_Supplied data_
• • •
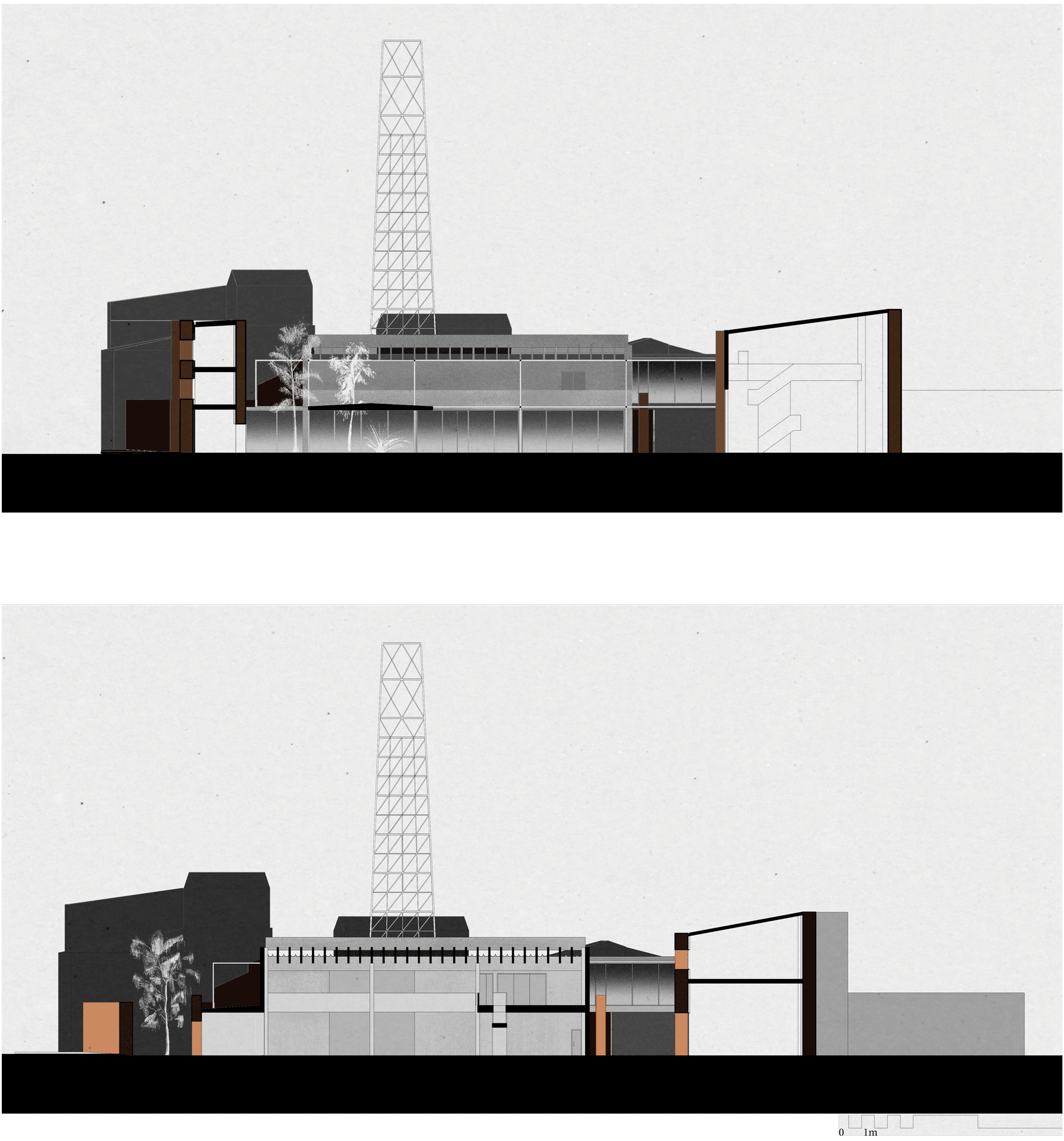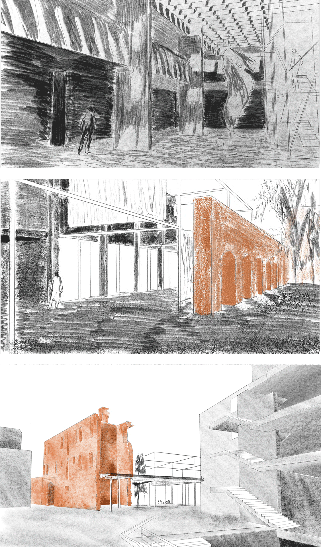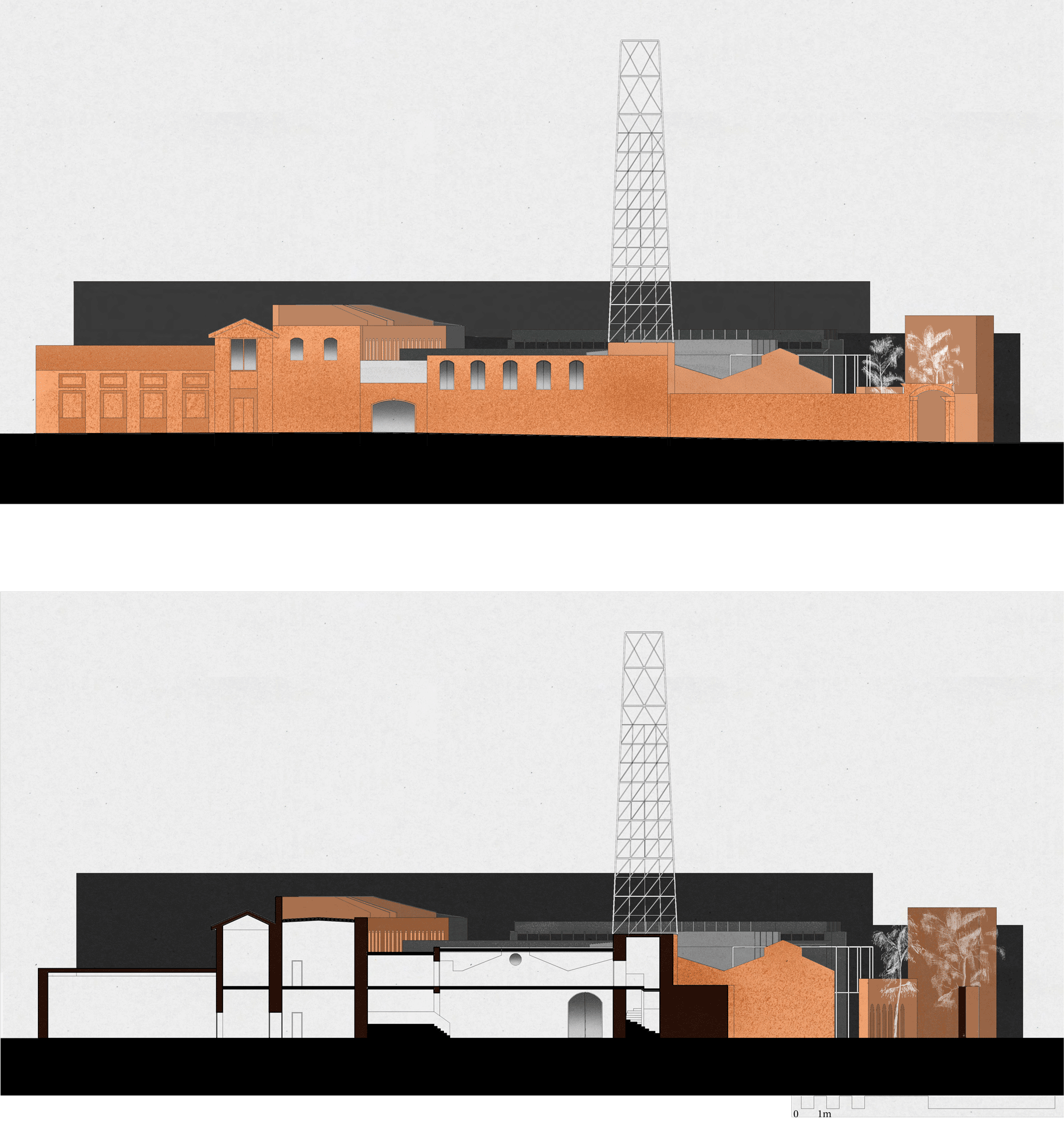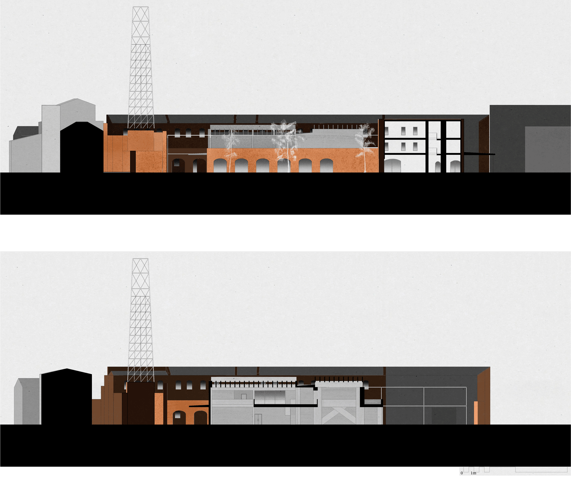 Une résidence d’artisans a été installée dans un ancien moulin en grande partie détruit. Les ruines restent telles quelles, conservées par la consolidation intérieure de la nouvelle structure. La grande cour centrale contient désormais deux structures à la destination volontairement floue : pavillon d’exposition, atelier, espace public et espace événementiel. Construite en béton, cette nouvelle annexe suit le langage industriel préexistant mais se distingue par son traitement monolithique. Une grille tri dimensionnelle construite tel un échafaudage permet une appropriation du lieu, comme une extension qu’il reste a prévoir.
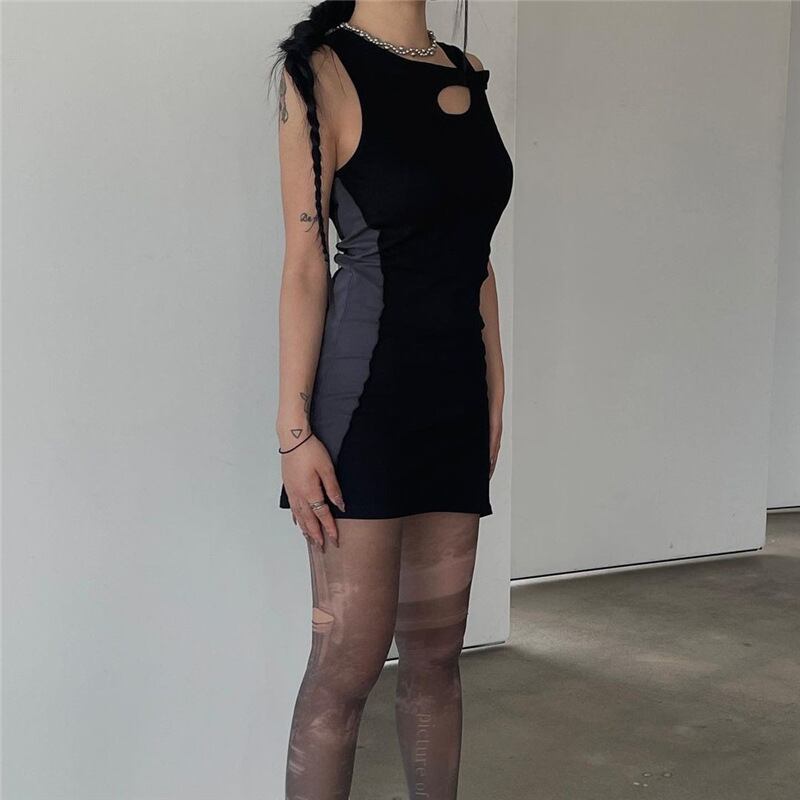 送料無料 ゴスダーク Techwear ゴシック中空アウトドレスサイバー Y2k パンクセクシーなスキニーミニドレスストリートカラーマッチ女性 AE155588717270741026
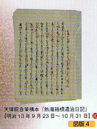 | 自筆の筆稿本「熱海箱根湯治日記」。この旅の目的の一つは和宮終焉の地を訪れることでした。 |
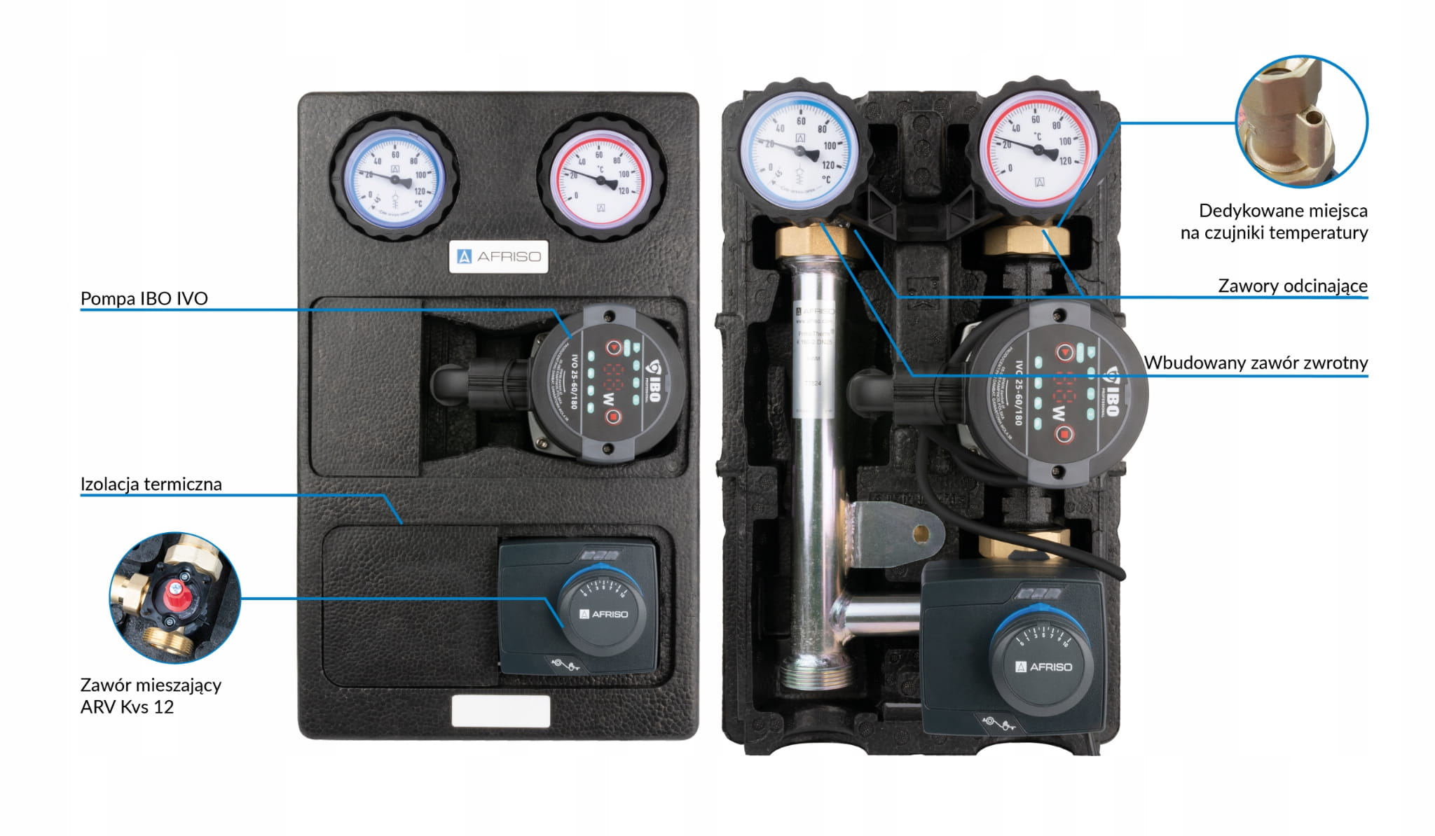 - Termometry do pomiaru temperatury na zasilaniu i powrocie, wbudowane w pokrętło zaworów odcinających
• • •
Return exactly the lines starting at the line with "送料無料 ゴスダーク Techwear" and ending at the last line of the listing, both ends included; pictures are to be left out.

 送料無料 ゴスダーク Techwear ゴシック中空アウトドレスサイバー Y2k パンクセクシーなスキニーミニドレスストリートカラーマッチ女性 AE155588717270741026
 | 自筆の筆稿本「熱海箱根湯治日記」。この旅の目的の一つは和宮終焉の地を訪れることでした。 |
 - Termometry do pomiaru temperatury na zasilaniu i powrocie, wbudowane w pokrętło zaworów odcinających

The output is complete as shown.